Cambridge spin-out ApcinteX starts clinical trials of novel haemophilia drug

ApcinteX Ltd, a biotech company that spun out of the University of Cambridge in 2014, has begun dosing in a Phase I/II clinical trial of its investigational drug SerpinPC, a potential treatment for all types of haemophilia.

About 400,000 people worldwide have haemophilia, a genetic disorder that reduces the level of blood coagulation factors. Persons with haemophilia are therefore prone to bleeding that can be life-threatening if untreated. Currently 80 percent of haemophilia sufferers have limited access to treatment, without which life expectancy is about 10 years.

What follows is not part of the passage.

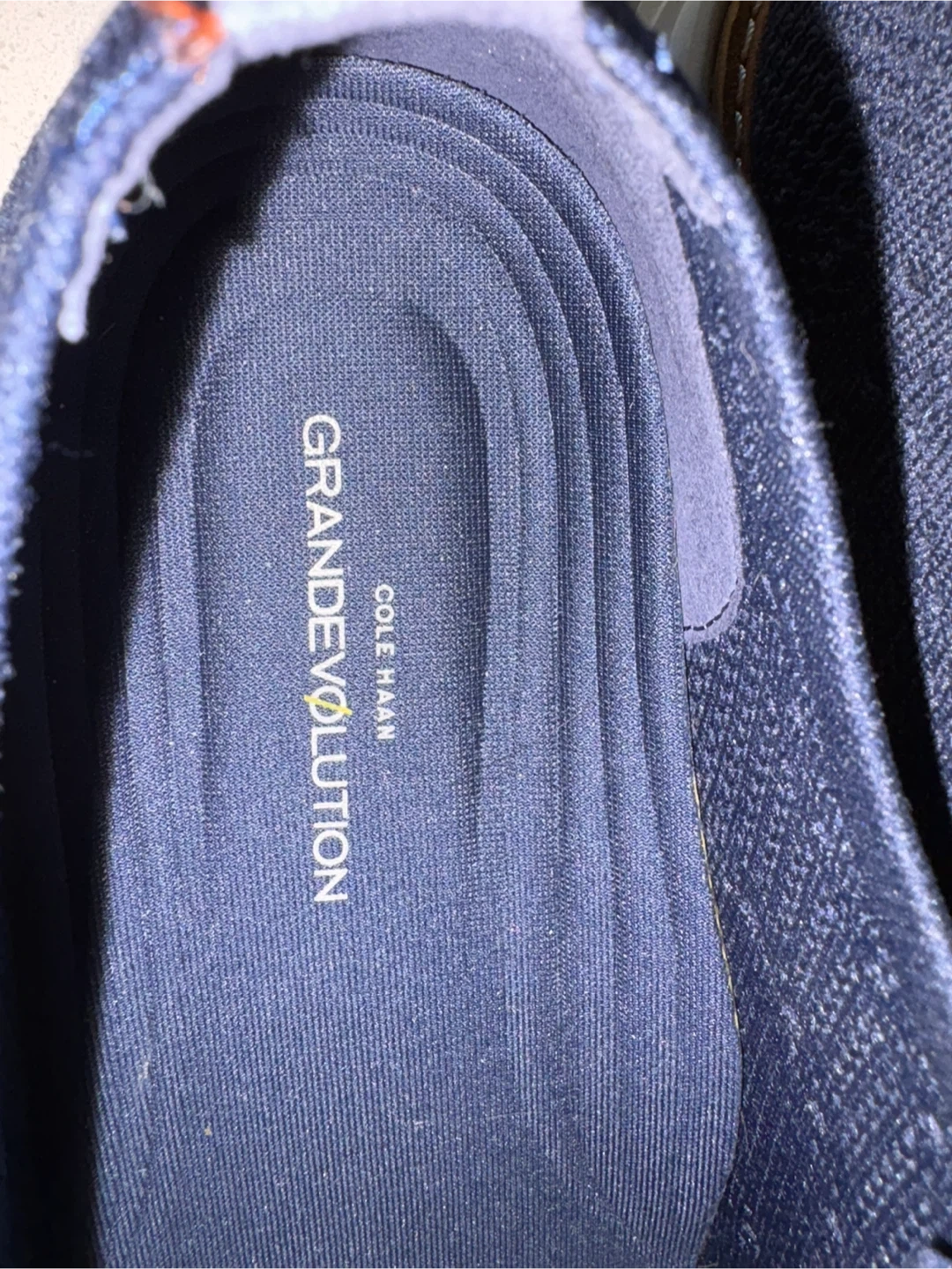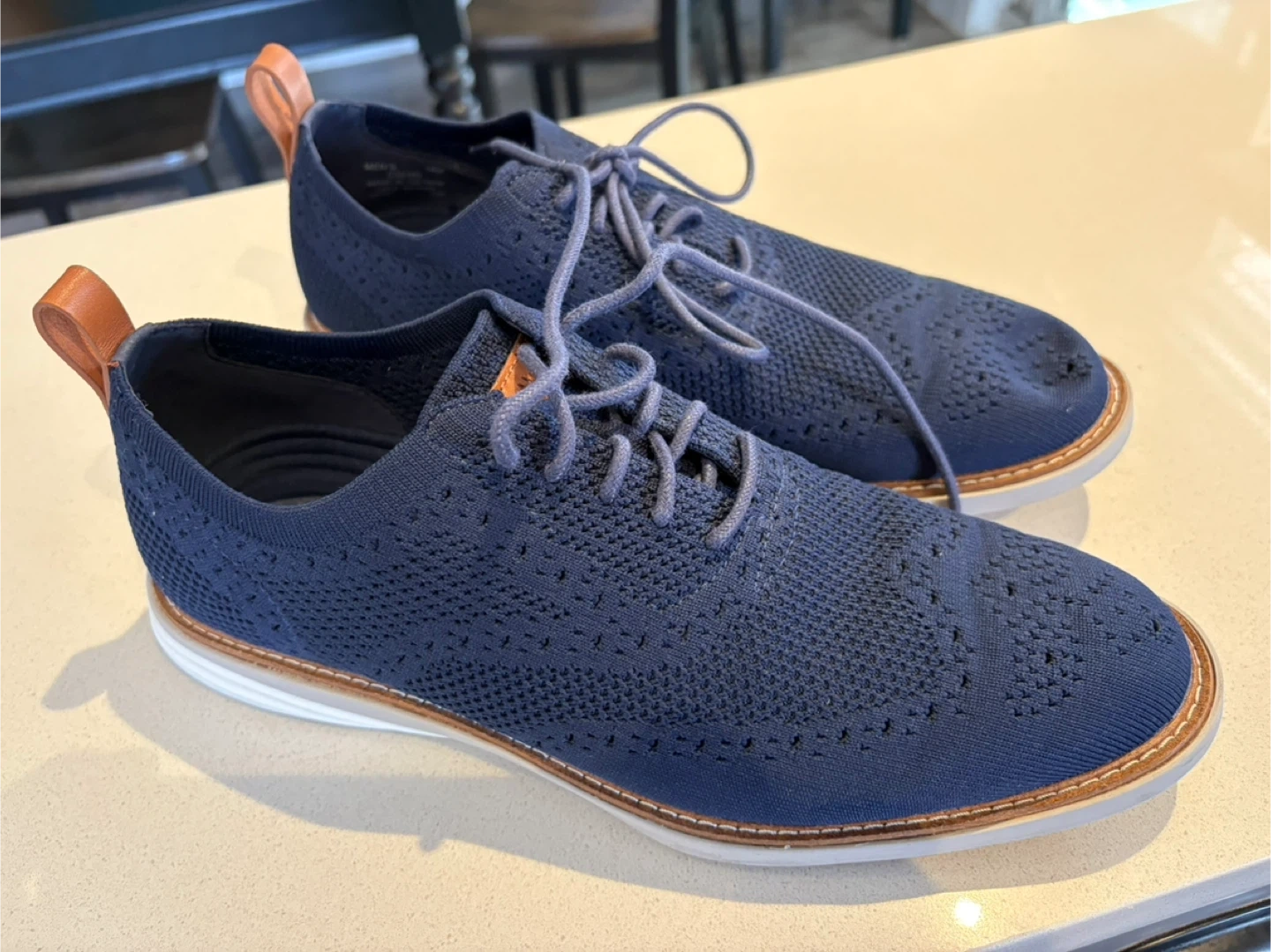 Cole Haan GrandEvoultion blue knit oxford shoes for men. These feature a breathable knit upper and comfortable cushioning. They're a men's size 10.

The current standard of care for haemophilia is regular, prophylactic, intravenous infusion of the missing factor. The burden of care is compounded by breakthrough bleeds into joints and the development of damage similar to severe osteoarthritis. In addition, about one third of those on factor replacement will develop inhibitory antibodies that render treatment ineffective, greatly reducing care options and increasing the cost of care.

ApcinteX’s new drug, SerpinPC, is a protein designed to solve these problems. Instead of replacing the missing coagulation factor, SerpinPC helps the blood to clot by inhibiting an anticoagulant enzyme, activated protein C. The unique mode of action of SerpinPC results in a reduction in blood loss in animal models of haemophilia at low doses, and is well tolerated at high doses in normal animals.

The principal aim of the clinical trial protocol is to test the safety and tolerability of SerpinPC in healthy volunteers and persons with haemophilia. The first doses will be given to healthy volunteers, escalating to higher doses in patients with severe haemophilia. This will be followed by a six-month, multiple-dose study in haemophilia patients, with reduction in bleeding and factor usage as exploratory endpoints. The patient parts of the study will be preceded by an observational phase to establish baseline bleeding and factor use levels.